### Exercise aim
The answer should reproduce every entry exactly and contain no images.

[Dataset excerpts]
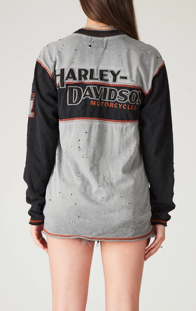 Let’s ride. This vintage long sleeve Harley Davidson tee is the one for you. Furst of a Kind sourced this one of a kind piece and stonewashed it for a worn in feel and naturally distressed look. There’s no wrong way to wear this Harley vintage tee.Â
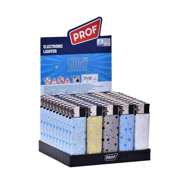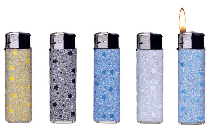 El Encendedor Prof Estrellas combina diseño y funcionalidad con un acabado brillante decorado con estrellas en distintos tonos.
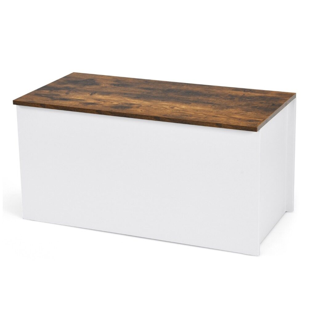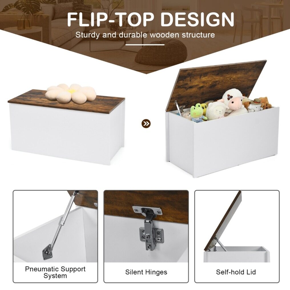 Safe Design for Family Use: With a flip-up top board, this wooden storage chest is easy to open and close. Besides, the top can stay open to free your hands and make it easier to search items inside. The self-hold lid is supported by pneumatic rod and is fitted with anti-collision pads, so you don't have to worry about clamping on fingers.
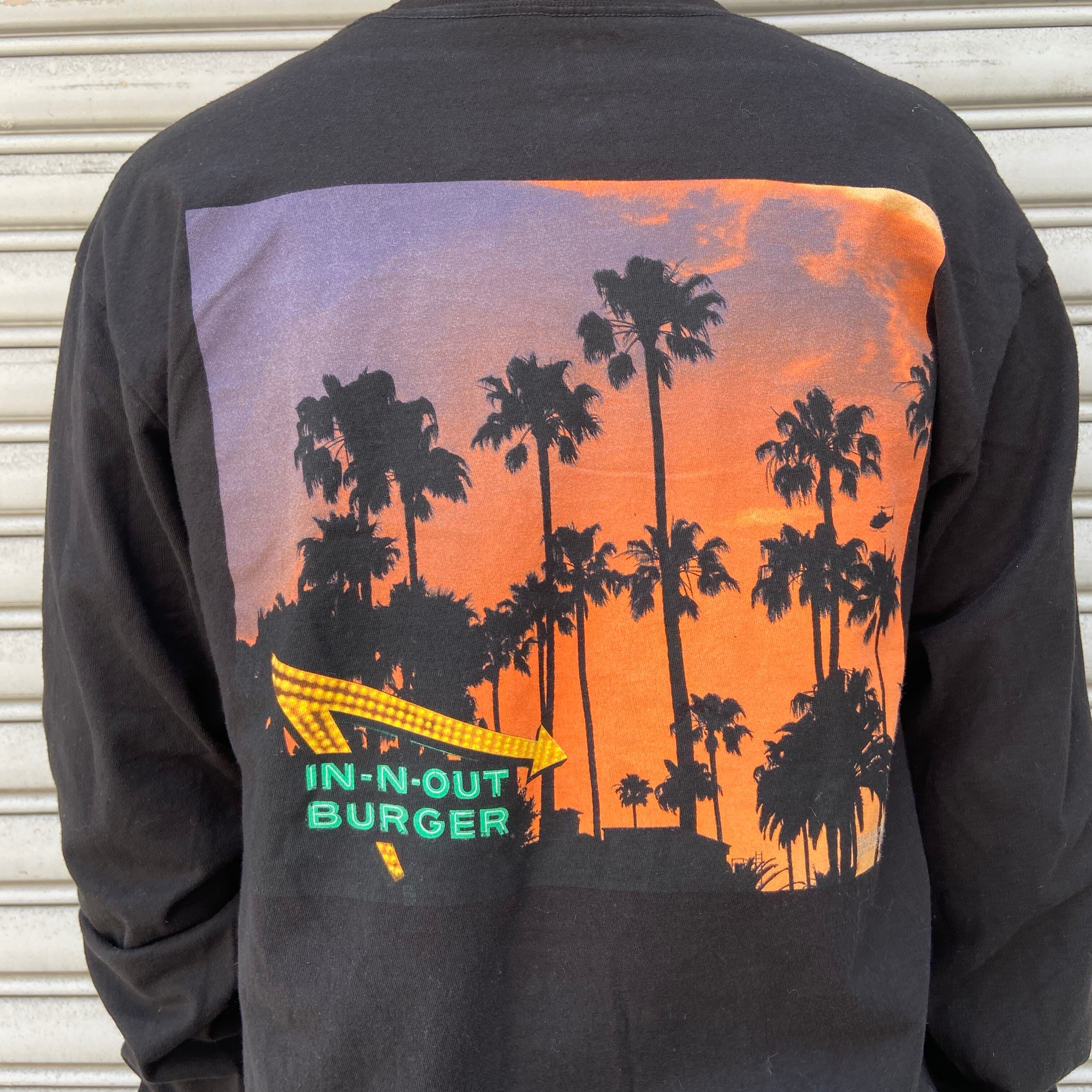 カリフォルニア州を中心に店舗を展開している人気ハンバーガーショップ。バックプリントにカリフォルニアの夕日とヤシの木が大判プリントデザインされてます^ ^
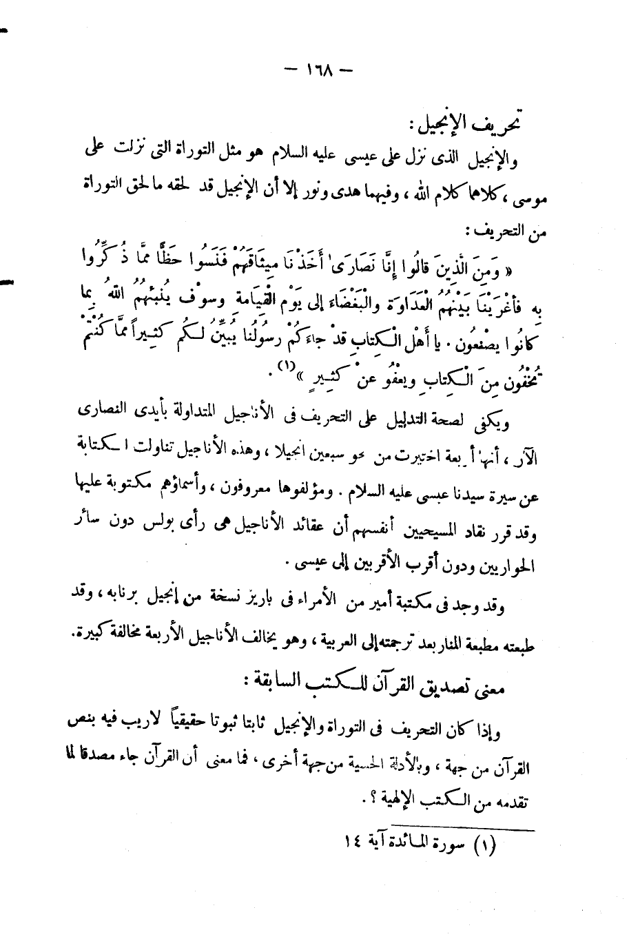 ويكفى لصحة التدليل على التحريف فى الأناجيل المتداولة بأيدى النصارى الآن، أنها أربعة اختيرت من نحو سبعين إنجيلاً، وهذه الأناجيل تناولت الكتابة عن سيرة سيدنا عيسى عليه السلام، ومؤلفوها معروفون، وأسماؤهم مكتوبة عليها، وقد قرر نقاد المسيحيين أنفسهم أن عقائد الأناجيل هى رأى بولس دون سائر الحواريين ودون أقرب الأقربين إلى عيسى عليه السلام.
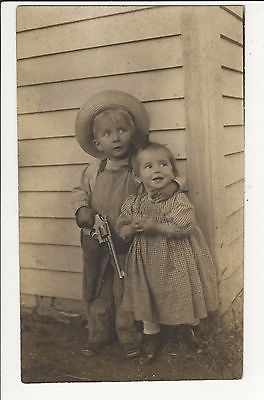 RPPC Young Boy & Girl Boy Hat Pistol Gun Holster Home Guard Vintage Postcard
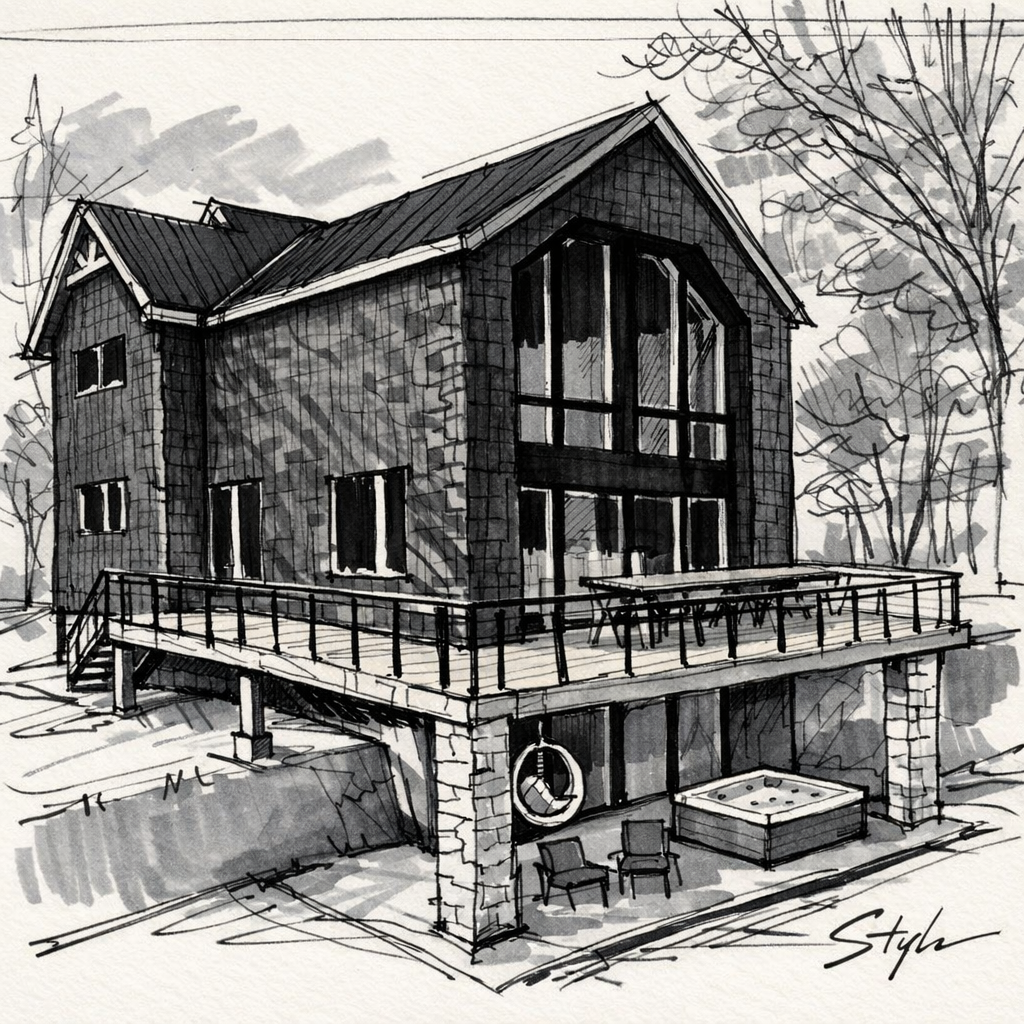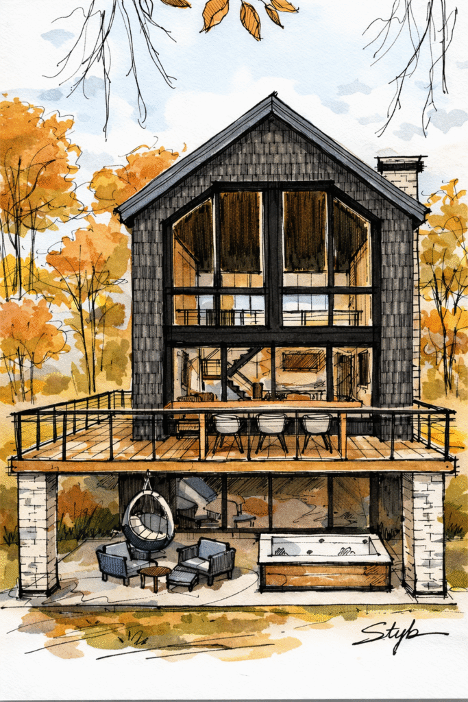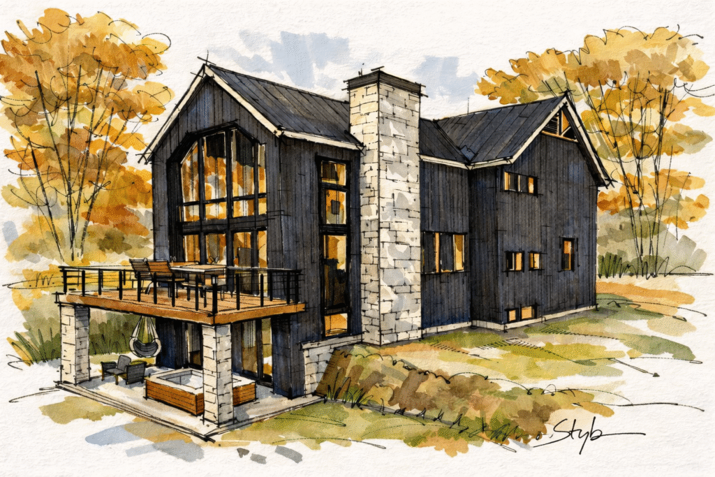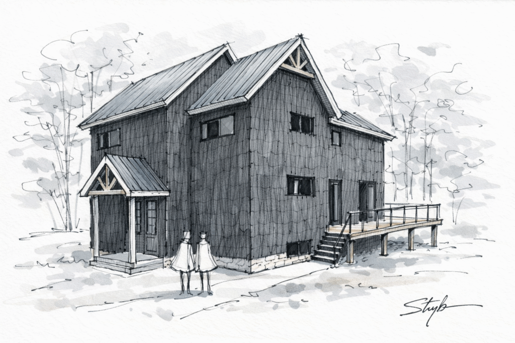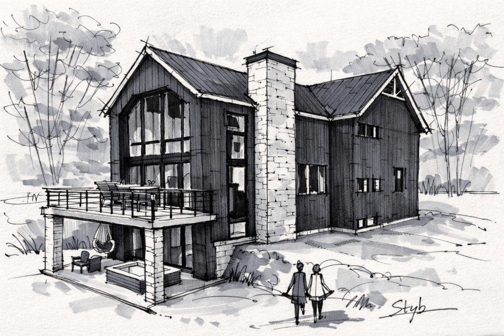Chaque choix de matériau et de proportion vise la durabilité, la simplicité constructive et le confort d’une vie quatre saisons.

### Result of the exercise
 Let’s ride. This vintage long sleeve Harley Davidson tee is the one for you. Furst of a Kind sourced this one of a kind piece and stonewashed it for a worn in feel and naturally distressed look. There’s no wrong way to wear this Harley vintage tee.Â
 El Encendedor Prof Estrellas combina diseño y funcionalidad con un acabado brillante decorado con estrellas en distintos tonos.
 Safe Design for Family Use: With a flip-up top board, this wooden storage chest is easy to open and close. Besides, the top can stay open to free your hands and make it easier to search items inside. The self-hold lid is supported by pneumatic rod and is fitted with anti-collision pads, so you don't have to worry about clamping on fingers.
 カリフォルニア州を中心に店舗を展開している人気ハンバーガーショップ。バックプリントにカリフォルニアの夕日とヤシの木が大判プリントデザインされてます^ ^
 ويكفى لصحة التدليل على التحريف فى الأناجيل المتداولة بأيدى النصارى الآن، أنها أربعة اختيرت من نحو سبعين إنجيلاً، وهذه الأناجيل تناولت الكتابة عن سيرة سيدنا عيسى عليه السلام، ومؤلفوها معروفون، وأسماؤهم مكتوبة عليها، وقد قرر نقاد المسيحيين أنفسهم أن عقائد الأناجيل هى رأى بولس دون سائر الحواريين ودون أقرب الأقربين إلى عيسى عليه السلام.
 RPPC Young Boy & Girl Boy Hat Pistol Gun Holster Home Guard Vintage Postcard
Chaque choix de matériau et de proportion vise la durabilité, la simplicité constructive et le confort d’une vie quatre saisons.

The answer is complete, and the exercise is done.